* **Instructions for the task**
Starting at the line with "El yapımı butik" and ending at the line with "So far, drones", print exactly the lines of the entries below. Pictures do not belong in the copy.

* **Task inputs**
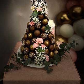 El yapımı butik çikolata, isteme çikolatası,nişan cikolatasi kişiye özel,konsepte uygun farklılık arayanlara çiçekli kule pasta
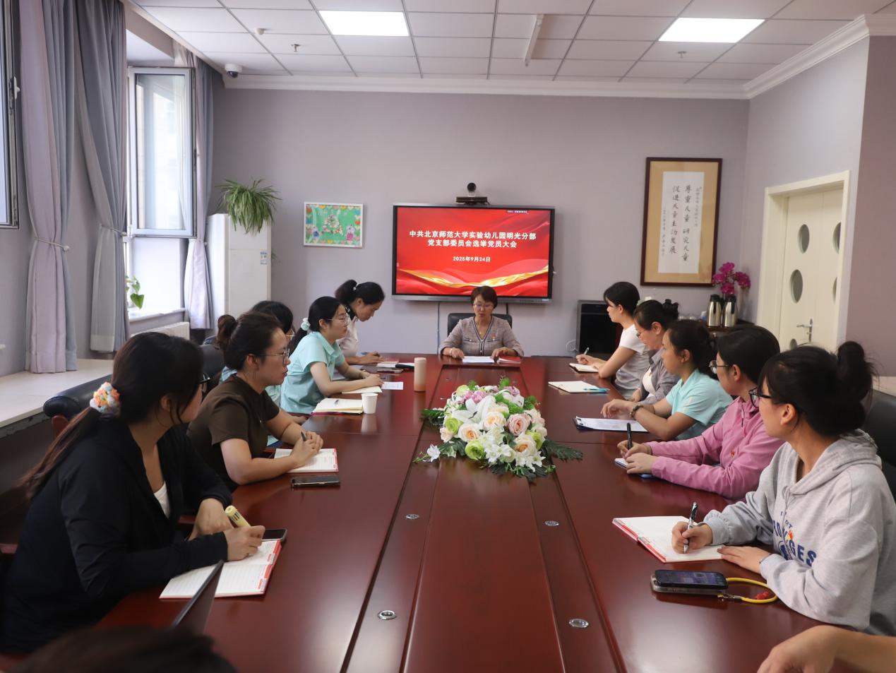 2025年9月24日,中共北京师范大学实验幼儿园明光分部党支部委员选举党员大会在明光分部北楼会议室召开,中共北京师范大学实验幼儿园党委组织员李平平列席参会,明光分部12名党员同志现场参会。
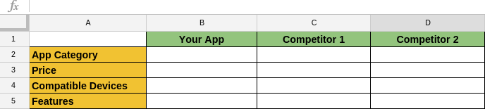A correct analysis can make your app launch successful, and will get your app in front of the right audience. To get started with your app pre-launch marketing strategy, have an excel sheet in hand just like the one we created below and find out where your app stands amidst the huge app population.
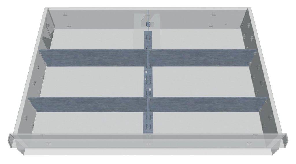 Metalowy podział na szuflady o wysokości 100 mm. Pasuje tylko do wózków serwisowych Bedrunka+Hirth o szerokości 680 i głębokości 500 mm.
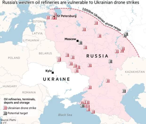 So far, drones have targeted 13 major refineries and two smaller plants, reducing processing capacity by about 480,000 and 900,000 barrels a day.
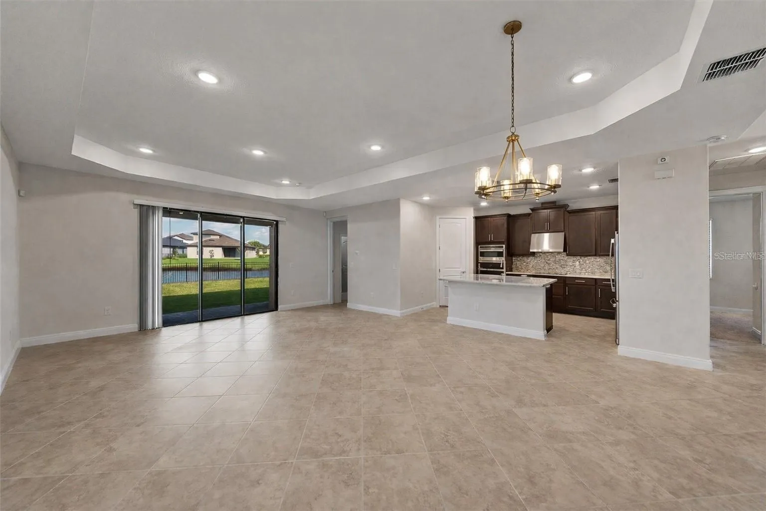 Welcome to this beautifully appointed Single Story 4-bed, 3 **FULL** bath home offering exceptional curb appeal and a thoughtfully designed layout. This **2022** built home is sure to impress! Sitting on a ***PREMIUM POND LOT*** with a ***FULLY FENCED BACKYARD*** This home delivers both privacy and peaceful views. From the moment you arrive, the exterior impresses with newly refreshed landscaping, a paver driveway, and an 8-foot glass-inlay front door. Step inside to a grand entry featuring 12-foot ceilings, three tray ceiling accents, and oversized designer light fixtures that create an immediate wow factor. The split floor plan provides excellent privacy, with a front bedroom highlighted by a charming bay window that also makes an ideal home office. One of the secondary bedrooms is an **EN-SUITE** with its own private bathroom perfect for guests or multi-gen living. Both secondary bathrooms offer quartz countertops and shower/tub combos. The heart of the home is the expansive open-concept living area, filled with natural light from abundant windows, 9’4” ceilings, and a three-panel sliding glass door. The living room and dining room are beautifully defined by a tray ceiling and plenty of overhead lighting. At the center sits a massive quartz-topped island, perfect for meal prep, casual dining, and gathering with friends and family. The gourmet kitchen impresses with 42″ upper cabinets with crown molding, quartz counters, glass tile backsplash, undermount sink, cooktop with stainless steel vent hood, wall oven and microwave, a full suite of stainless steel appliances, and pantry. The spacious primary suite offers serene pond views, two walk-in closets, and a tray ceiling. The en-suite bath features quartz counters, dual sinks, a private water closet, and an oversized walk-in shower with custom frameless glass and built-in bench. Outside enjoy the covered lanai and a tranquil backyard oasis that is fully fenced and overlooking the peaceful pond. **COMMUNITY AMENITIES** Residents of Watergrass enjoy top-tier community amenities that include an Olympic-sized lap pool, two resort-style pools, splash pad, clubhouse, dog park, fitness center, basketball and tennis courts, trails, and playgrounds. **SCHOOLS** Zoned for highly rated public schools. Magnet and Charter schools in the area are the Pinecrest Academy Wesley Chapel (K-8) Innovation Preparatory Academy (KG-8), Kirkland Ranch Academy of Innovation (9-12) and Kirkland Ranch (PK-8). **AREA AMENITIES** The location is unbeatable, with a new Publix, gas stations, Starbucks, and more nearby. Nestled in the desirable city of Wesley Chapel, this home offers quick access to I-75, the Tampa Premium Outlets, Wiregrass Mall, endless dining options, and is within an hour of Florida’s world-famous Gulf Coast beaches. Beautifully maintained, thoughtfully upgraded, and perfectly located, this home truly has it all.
...
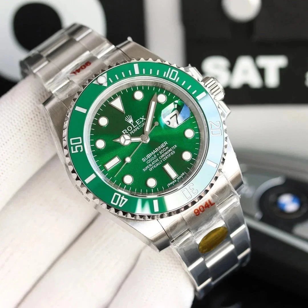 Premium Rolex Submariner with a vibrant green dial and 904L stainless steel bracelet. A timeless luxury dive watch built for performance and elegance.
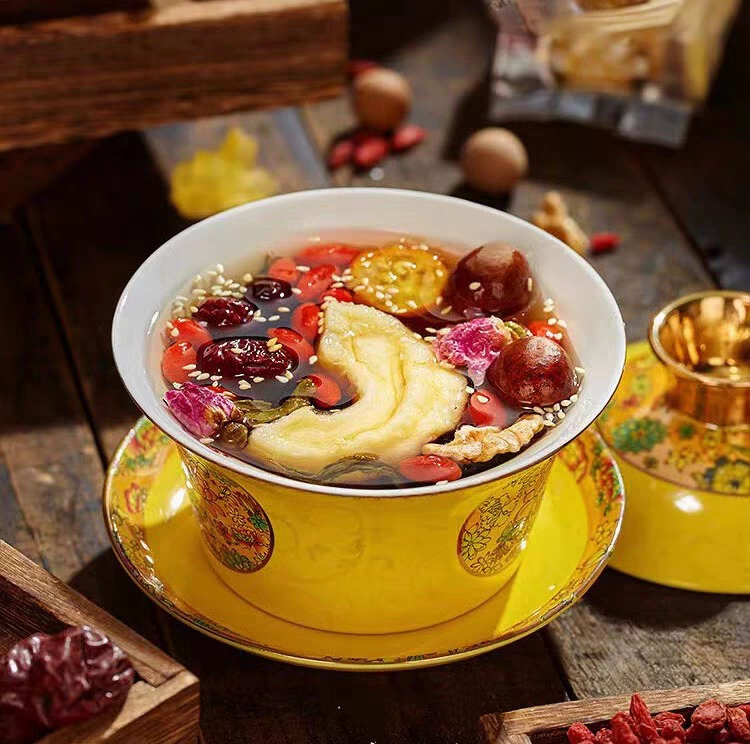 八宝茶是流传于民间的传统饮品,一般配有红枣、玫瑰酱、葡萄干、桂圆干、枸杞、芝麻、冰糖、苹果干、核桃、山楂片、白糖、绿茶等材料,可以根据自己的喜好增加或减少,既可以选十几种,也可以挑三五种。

* **Answer for the task**
 El yapımı butik çikolata, isteme çikolatası,nişan cikolatasi kişiye özel,konsepte uygun farklılık arayanlara çiçekli kule pasta
 2025年9月24日,中共北京师范大学实验幼儿园明光分部党支部委员选举党员大会在明光分部北楼会议室召开,中共北京师范大学实验幼儿园党委组织员李平平列席参会,明光分部12名党员同志现场参会。
A correct analysis can make your app launch successful, and will get your app in front of the right audience. To get started with your app pre-launch marketing strategy, have an excel sheet in hand just like the one we created below and find out where your app stands amidst the huge app population.
 Metalowy podział na szuflady o wysokości 100 mm. Pasuje tylko do wózków serwisowych Bedrunka+Hirth o szerokości 680 i głębokości 500 mm.
 So far, drones have targeted 13 major refineries and two smaller plants, reducing processing capacity by about 480,000 and 900,000 barrels a day.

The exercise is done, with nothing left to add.